The first Bible I ever used with any regularity was an NIV. The small Christian school that I attended in first through fourth grade allowed us to memorize Scripture from either the NIV or the KJV, and I went with the NIV since it was the pew Bible at my church. When I was in high school and began to get “serious” about Bible study, I made the switch over to the NASB. I also used other translations, including the NIV, NKJV, and KJV. In the church circles I was running in, literal was best. And it didn’t get more literal than the NASB.
I got a lot of mileage out of the NASB, and in fact I still have the leatherbound, ultrathin reference edition that my future wife gave me for my birthday in 1998, all marked up from my first couple of years in Bible college.
I don’t remember when I first learned about the NLT, but I do remember when my wife discovered it. She was in a study group, reading through the entire Old Testament for a survey class in our first semester at Moody Bible Institute. One of her friends had an NLT, and the group quickly decided to simply pass the NLT around rather than having everyone read from their own translation. She took note and made sure that her next Bible purchase would be an NLT. Despite her enthusiasm, I still wasn’t convinced, and I stayed with the NASB. This was in the fall of 1998, and she has been an NLT gal ever since.
The first time I actually used the NLT for more than checking a verse occasionally was in the spring of 2001, when my wife and I led an evangelistic Bible study through the Gospel of John. Everyone in our college ministry was able to invite their friends to come and read through John together, one chapter each week, to discover Jesus for themselves. We chose the NLT as our group text, and the church generously provided a complete copy of the NLT for everyone that attended the study. It was a fun, and fruitful, experience.
While we were leading this group through John, I was also flexing my new–and still somewhat awkward–Greek skills by translating through myself, along with the NLT, NASB, NIV, and D.A. Carson’s commentary. I certainly didn’t agree with the NLT everywhere, but often I found that I agreed with the NLT over against another translation in a particular reading. By the end of the 21-week session, I was quite pleased with the NLT. I still didn’t switch to it as my primary Bible translation, but I had very positive feelings about it. In fact, we used it again for a new group the next year.
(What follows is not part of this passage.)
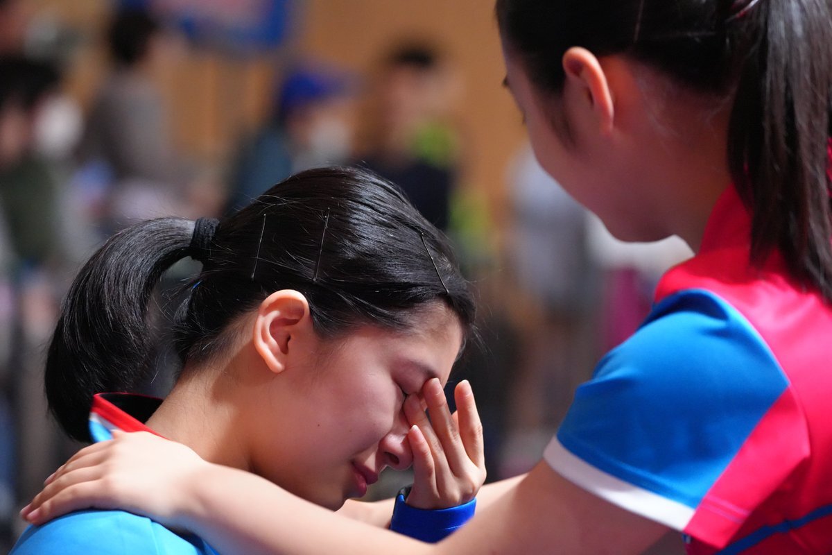 #櫻井花 選手 2025年11月9日@カルッツかわさき 対横井咲桜選手戦後 何もさせてもらえなかった…。悔しかったよな…😢 その😢悔し涙😢が君を強くする💪 #長﨑美柚 ねえさんに #瓜生日咲 選手、 いい仲間に恵まれて、#木下アビエル神奈川 って ホント、いい🏓チーム🏓 明日に期待👍 #Tリーグ #卓球🏓 pic.x.com/h5lLFojOPU

Through my study of Greek, I spent a lot of time in class and on my own thinking and reading about translation and language. More and more, I became disillusioned with the way I used to read a “literal” translation, under the impression that I had virtually unfettered access to the Greek and Hebrew original. As a result, I was “converted,” and became a very strong advocate of dynamic equivalency. I returned “home” to the NIV, looking forward to the publication of the TNIV.
At this point, I went through a stage in my journey where I was harshly critical of more formal translations. I took every opportunity to criticize the “poor English” of the NASB. I was vocally critical of the “essentially literal” argument surrounding the (then) new ESV. This was a time when my voice was changing, and I probably should have kept my mouth shut.
In retrospect, I realize that the problem was with the way I had understood the NASB, not the translation itself. I was overconfident in the ability of any English translation to give me a transparent view of the original text, right down to words and grammar. I took my erroneous assumptions about how to use such a translation and compounded the error by blaming the translation itself.
I was just getting settled with using the TNIV when I became aware of an open position on the Bible editorial team here at Tyndale House Publishers. My wife had been using the NLT as her primary Bible (and therefore my secondary Bible) for several years, and so I was excited by the opportunity. I came in for my interview and was surprised to learn that the NLT had received a facelift. In 2004, a second edition had been released, of which my wife and I were completely unaware. We had been reading the 1996 edition. I left that interview with a copy of the new edition and burgeoning interest in the NLT.
I went home that afternoon and spent several hours poring over the NLT second edition: comparing specific passages with the 1996 edition (and my TNIV), reading Galatians straight through, checking individual verses against the Greek and Hebrew, noticing that poetry was now set as poetry, etc. I was impressed. It seemed like every verse had been gone over with a fine-toothed comb and improved where necessary. Whether I got the job or not, I became an “NLT guy” on that day.
The picture on this post is of my Bible shelf at work, and you can probably identify several of the Bibles I mentioned thoughout the post. I carry an NLT and my Reader’s Greek NT to church with me on most Sundays (so they’re not in the picture), but I also make regular use of the NRSV, I listen the the TNIV on my iPod, and I read the KJV in my pocket edition of the 1662 Book of Common Prayer. So even if I am an NLT guy, I’m not an NLT-Only guy.